Parents have a 1950s house in NY; most of the electrical outlets are the old two-prong, ungrounded type. The cable is old romex type with no third wire, so the ground screw of each receptacle is unconnected. When the outlet is tested it comes up 'open ground'. Been this way for years with no incident. Except that nowadays things are done much more safely. (As you all know in even older houses, if the cable is BX, a ground is available from the shielding.)

As the house will be sold in a few years, I asked the electrician about the cost of converting all the outlets, and it's quite expensive. The new owners can certainly deal with this. If I was going to buy a house and knew that I'd have to start chopping almost every wall in the house to put through new lines at signficant cost that might make me hesitate.
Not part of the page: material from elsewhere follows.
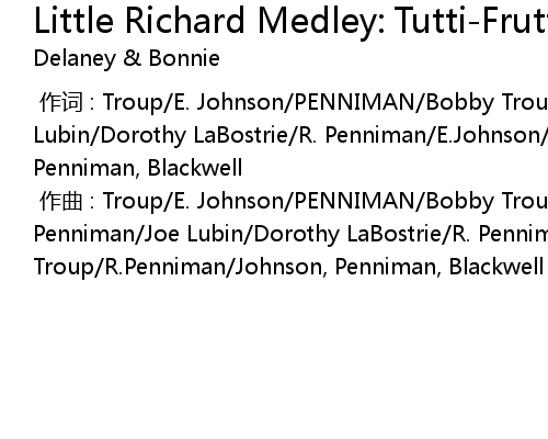 | [00:00.000] | zuo ci : Troup E. Johnson PENNIMAN Bobby Troup Richard Penniman Joe Lubin Dorothy LaBostrie R. Penniman E. Johnson B. Troup R. Penniman Johnson, Penniman, Blackwell |

What are the potential safety hazards here?(Years ago some electrician must have installed about a dozen 'false' three-way receptacles, which come in handy for certain appliances with the three prongs.) One we can remove the false three-prong receptacles or two we can bring the house up to date or three leave it all alone and let the new owners deal with it.
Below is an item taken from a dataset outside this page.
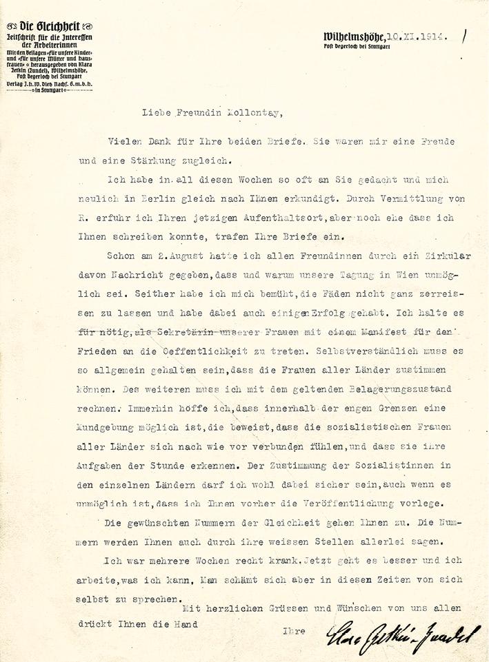 Письмо К. Цеткин на имя А. М. Коллонтай об опубликовании в скандинавской печати воззвания к женщинам мира. 10 ноября 1914. Подлинник. Машинописный текст на немецком языке, подпись – автограф К. Цеткин. [РГАСПИ. Ф. 134. Оп. 1. Д. 424. Л. 1]

Note: a number of strategic outlets are grounded but vast majority are not.


----------



## kok328 (Jul 8, 2012)

I would go with options 1 & 3.


----------



## NorthernSparky (Jul 8, 2012)

I would just leave the whole system alone, especially if you have no plans on keeping the house.  The dozen or so receptacles that were replaced, are not hurting anything, they are just not doing anything either.


----------



## D725A (Jul 8, 2012)

Thanks for the replies. I guess from reading the other threads on this subject, it would seem that the replaced false three-prongs should at least be labeled 'no equipment ground present'.


----------



## nealtw (Jul 8, 2012)

When sold, the house will be ready for a face lift anyway so a few thousand kick back to the buyer will work. If your worried about safety for your parents you could install a few gfi plugs, they will work on two wire.


----------



## CallMeVilla (Jul 9, 2012)

Modern electronics are sensitive to no grounding, particularly in lightening-prone areas.  That includes computers, flat screen TVs, and all the other toys.  The cost of wall chopping and re-wiring is expensive so you have to weigh the risk against the possibility of a catastropic failure.

Tough call in your case.


----------



## asbestos (Jul 9, 2012)

I have a house that is 1950's and so no grounded outlets (except for a few in the kitchen grounded with a 14GA wire run outside the romex) I was told by my friend (licensed electrician) that replacing those outlets with a GFCI is acceptable. Still no ground so should be labeled as such, but a convenience.


----------



## NorthernSparky (Jul 9, 2012)

If you are going to install GFCI, just know they are for protecting that plug and all devices down the line.  If you put more than 1 GFCI on a circuit they are going to trip off each other. 

The only reason I said to leave it alone is that once you start changing plugs and such, your system is no longer in the grandfather clause (it was done to code in the 1950's and that stand until anything is updated).  

If you are going to do anything do it right and have a licensed electrician pull the entire house, upgrade the panel and I would assume change the service.


----------